Pitchers and catchers report this week, which means optimism is officially back on the menu in Fort Myers. Every organization arrives believing that this will be the year injuries cooperate, prospects take the leap, and depth charts magically sort themselves out. For the Twins, spring training feels especially important, because there are real decisions to be made on the mound. Roles are open, and a few arms could reshape how this staff looks by Opening Day.
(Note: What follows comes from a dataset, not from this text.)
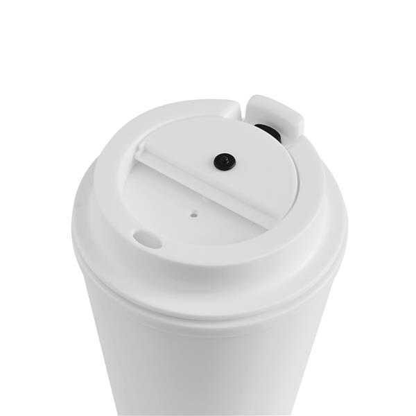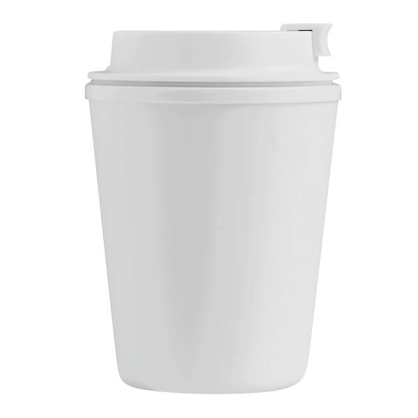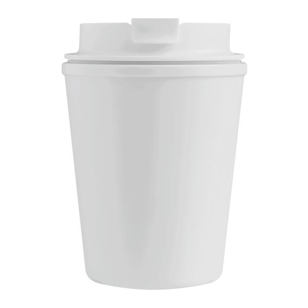 Kubek termiczny FLEXICUP z podwójną izolacją. Wewnątrz i na zewnątrz wykonany jest z tworzywa sztucznego. Posiada bezpieczną pokrywkę z silikonową uszczelką i zintegrowany, wygodny otwór do picia. O pojemności ok. 350 ml. Utrzymuje ciepło przez ok. 2 godziny, a zimno nawet do 4.

Pitching should be one of Minnesota’s clear strengths. The Twins have more usable arms than rotation spots, a good problem to have after years of scrambling for innings. Last summer’s trade deadline played a major role in that shift, as the front office targeted pitching help that could impact both the short- and long-term future. With more than five starters capable of handling big-league innings and a bullpen that is lacking upside options, spring training will be less about finding warm bodies and more about determining the right fit for everyone.

That depth makes the following three pitchers particularly interesting to watch over the next few weeks.

RHP Bailey Ober
Why Watch: Can his velocity return?
Joe Ryan and Pablo López will be away with their national teams for the World Baseball Classic, which quietly places Ober at the top of the Twins rotation this spring. That alone makes him worth paying attention to, but there is more going on here than spring training optics.
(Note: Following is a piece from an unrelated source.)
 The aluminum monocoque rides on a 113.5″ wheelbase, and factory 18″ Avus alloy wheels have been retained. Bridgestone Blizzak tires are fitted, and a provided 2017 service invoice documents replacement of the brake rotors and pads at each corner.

The 2025 season was a frustrating one for Ober. A lingering hip injury sapped velocity from a pitcher who already lives on precision rather than raw power. In 2024, his four-seamer averaged 91.7 mph; that dipped to 90.3 mph last season. It was never about dominance disappearing overnight. It was about margins shrinking. The Twins believed the injury would resolve itself over the winter without surgery, and that belief will be tested immediately once Ober starts stacking outings in camp. Traditionally, he’s run higher velocities in February and March than in August and September, so if he doesn’t have any juice in his arm in the spring, he’s unlikely to discover it later.

RHP Marco Raya
Why Watch: How does he transition to the bullpen?
Over the last week, Twins general manager Jeremy Zoll discussed Raya as one of the former starting pitchers in the organization who is transitioning to a bullpen role. It’s a notable pivot for a pitcher who has been one of the Twins’ top prospects since being drafted out of high school in the shortened 2020 MLB Draft.
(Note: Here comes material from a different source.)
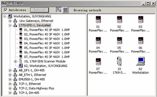 (1)配置計(jì)算機(jī)接入DeviceNet網(wǎng)絡(luò)。硬件使用1770-KFD,軟件使用RSLinx。當(dāng)計(jì)算機(jī)通過串口與1770-KFD的RS232接口連接好后,則軟件的配置過程如下:啟動(dòng)RSLinx,點(diǎn)擊“Communications”——“Configure Drivers”,則會出現(xiàn)“Configure Drivers”的對話框,在上方的下拉表里選擇“DeviceNet Drivers (1784 PCD/PCIDS,1770-KFD….)”此項(xiàng),接著在出現(xiàn)的驅(qū)動(dòng)選擇對話框中選擇“Allen-Bradley 1770-KFD”,然后再簡單地設(shè)置一下就行了。又當(dāng)1770-KFD的DeviceNet接口接到DeviceNet網(wǎng)時(shí),在Rslinx就會出現(xiàn)類似本系統(tǒng)的畫面(如圖4)。

Raya’s 2025 season at Triple A was rough. A 6.02 ERA and 5.48 FIP came alongside a 22.6 K% and a career-worst 12.6 BB%. That last number is the one that really matters now. Moving to the bullpen can unlock velocity and simplify pitch usage, but free passes become even more damaging in shorter stints. As the old Metrodome video board famously reminded everyone, walks will haunt.

LHP Connor Prielipp
Why Watch: Will he be a starter or a reliever for the long term?
Prielipp has been one of the most dominant pitching prospects in the system when healthy, but that qualifier—’when healthy’—has followed him since before he turned pro. Drafted in the second round in 2022, Prielipp made just two starts in A ball before undergoing Tommy John surgery that wiped out his 2023 season. He returned in limited fashion in 2024 before finally getting a chance to build momentum last year.

The results were encouraging. Across Double and Triple A, Prielipp posted a 4.03 ERA with a 3.54 FIP and a 98:31 strikeout-to-walk ratio over 82 ⅔ innings. The organization used him almost exclusively as a starter, while carefully monitoring his workload. His stuff and injury history naturally invite bullpen speculation. Spring training may not provide a definitive answer, but how the Twins deploy him will be telling.

Spring training is rarely about results, but it is always about information. For the Twins, these three pitchers represent different questions that need answering before the games start to count. Is a veteran starter healthy again? Can a former top prospect reinvent himself in a new role? And where does a talented but injury-tested arm fit best going forward? If pitching is going to carry Minnesota in 2026, the clues will start showing up this spring.